Меня охватило беспокойство: насколько я могла видеть из окна, он направился в конюшню. Я отважилась отпереть свою дверь и бросилась в соседнюю комнату, откуда могла видеть все, что он станет делать.
Костаки действительно направился в конюшню, сам вывел оттуда свою любимую лошадь и оседлал ее собственными руками с тщательностью человека, придающего огромное значение малейшей мелочи. Он был в том же костюме, в каком я увидела его в первый раз, однако из оружия при нем была одна сабля.
Оседлав лошадь, он еще раз взглянул на окно моей комнаты; не увидев меня, он вскочил в седло, велел открыть те ворота, через которые отправился и должен был вернуться его брат, и поскакал галопом по направлению к монастырю Ганго.

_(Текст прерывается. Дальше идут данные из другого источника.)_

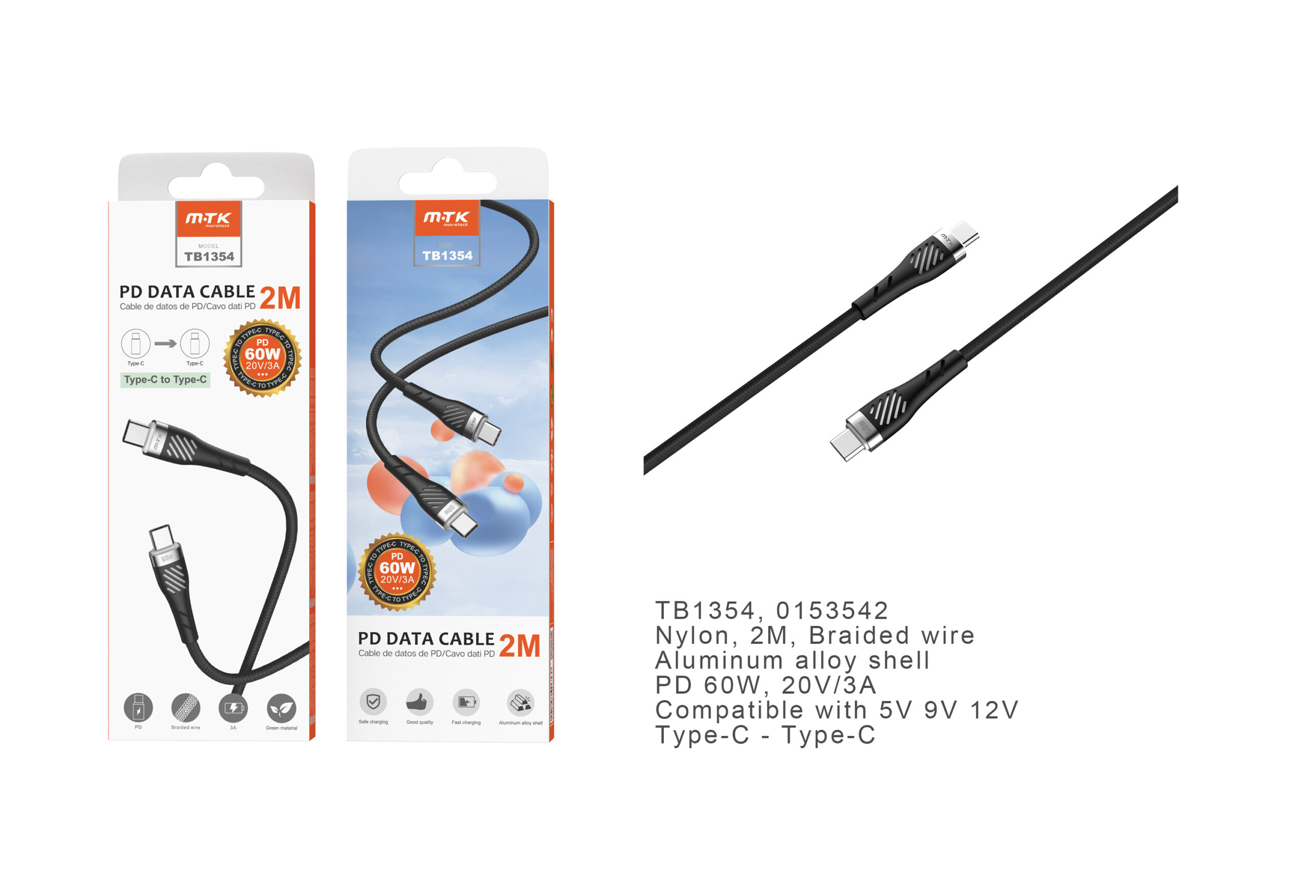 TB1354 NE Cable de datos Camyl nylon trenzado para Type-C a Type-C , Carga Rapida PD, 60W/20V/3A, 2M, Negro
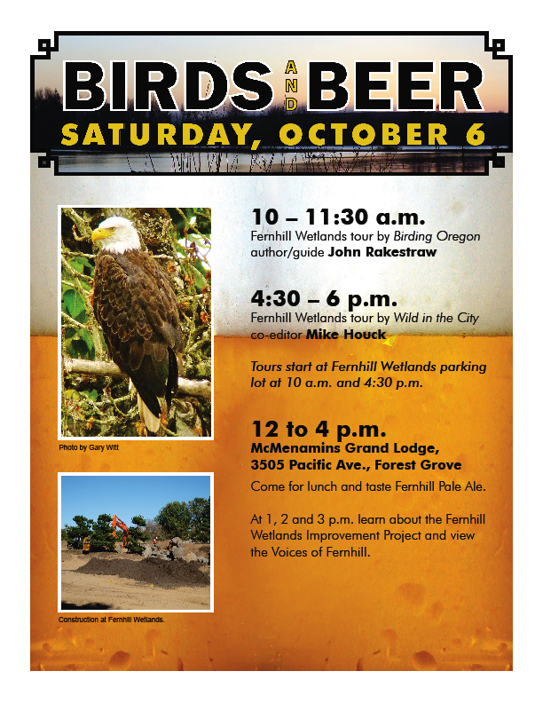 The annual Fernhill Wetlands Birds and Brew Festival will be held on October 12. I will be leading the 8:00 tour for that. Here is a link for more info.

Тут сердце мое страшно сжалось; роковое предчувствие говорило мне, что Костаки отправился навстречу своему брату.
Я оставалась у окна, пока могла различать дорогу, в четверти льё от замка делавшую поворот и терявшуюся в лесу. Но сумерки с каждой минутой все больше сгущались, и дорога совсем исчезла из виду.
Я все еще стояла у окна.
Наконец тревога моя, дойдя до крайней степени, придала мне силы, и так как ясно было, что получить первые вести об обоих братьях можно было только в зале, то я спустилась вниз.
Прежде всего я взглянула на Смеранду. По спокойному выражению ее лица видно было, что она не испытывала никаких опасений: отдавались обычные приказания относительно ужина, и приборы обоих братьев стояли на обычных местах.
Я не решилась обратиться к кому-либо с расспросами. Да и кого бы я могла спросить? Никто в замке, кроме Костаки и Грегориски, не говорил ни на одном из двух языков, которые знала я.
При малейшем шуме я вздрагивала.
Обычно в замке садились ужинать в девять часов.
Я спустилась в половине девятого и не сводила глаз с минутной стрелки: ее движение на большом циферблате стенных часов было почти ощутимо.
Стрелка-путешественница прошла расстояние четверти часа.
Раздался мрачный и печальный звон — стрелка снова безмолвно задвигалась, и я опять видела, как она с правильностью и неторопливостью компаса проходит свой путь.
За несколько минут до девяти мне показалось, что слышен галоп лошади на дворе. Смеранда также его услышала, потому что она повернула голову к окну; но ночь была слишком темной, чтобы можно было что-нибудь разглядеть.
О, если бы она взглянула на меня в эту минуту — она могла бы отгадать, что происходит в моем сердце!
Слышен был топот только одной лошади, и это было естественно. Я хорошо знала, что вернется только один всадник.
Но кто именно?
Шаги раздались в передней. Шаги эти были медленные, они словно давили мое сердце.
Дверь открылась; в темноте возникла тень.
Тень эта остановилась на минуту на пороге двери. Сердце мое перестало биться.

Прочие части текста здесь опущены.